§ REQUIRED WORK
From the line holding "A video showing" through the line holding "Ci sono problemi?" below, write out every line exactly; include both of those lines and drop the pictures.

§ RECORDS SUPPLIED
= = = = =

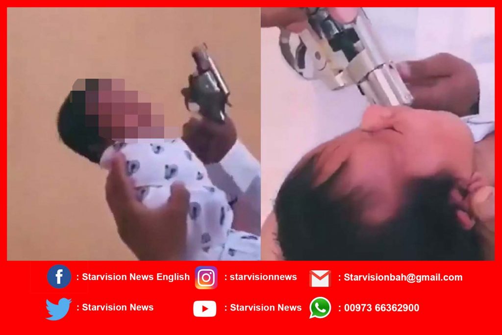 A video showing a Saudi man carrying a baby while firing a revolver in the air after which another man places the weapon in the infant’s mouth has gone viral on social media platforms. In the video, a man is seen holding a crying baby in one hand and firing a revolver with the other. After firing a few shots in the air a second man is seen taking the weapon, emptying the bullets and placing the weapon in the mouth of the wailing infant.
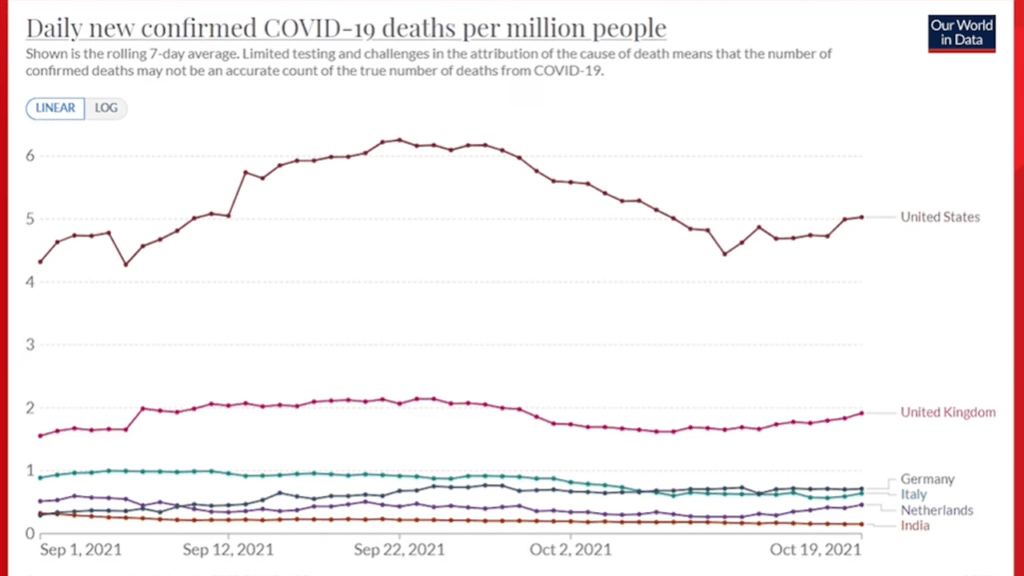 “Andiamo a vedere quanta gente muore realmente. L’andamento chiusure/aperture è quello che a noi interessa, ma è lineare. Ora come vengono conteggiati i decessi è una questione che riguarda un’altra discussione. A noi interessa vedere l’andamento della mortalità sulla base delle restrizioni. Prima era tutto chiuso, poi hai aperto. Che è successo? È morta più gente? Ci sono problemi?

= = = = =

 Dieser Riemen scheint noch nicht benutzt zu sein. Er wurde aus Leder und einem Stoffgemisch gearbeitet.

= = = = =

§ RESULT OF THIS TASK
 A video showing a Saudi man carrying a baby while firing a revolver in the air after which another man places the weapon in the infant’s mouth has gone viral on social media platforms. In the video, a man is seen holding a crying baby in one hand and firing a revolver with the other. After firing a few shots in the air a second man is seen taking the weapon, emptying the bullets and placing the weapon in the mouth of the wailing infant.
 “Andiamo a vedere quanta gente muore realmente. L’andamento chiusure/aperture è quello che a noi interessa, ma è lineare. Ora come vengono conteggiati i decessi è una questione che riguarda un’altra discussione. A noi interessa vedere l’andamento della mortalità sulla base delle restrizioni. Prima era tutto chiuso, poi hai aperto. Che è successo? È morta più gente? Ci sono problemi?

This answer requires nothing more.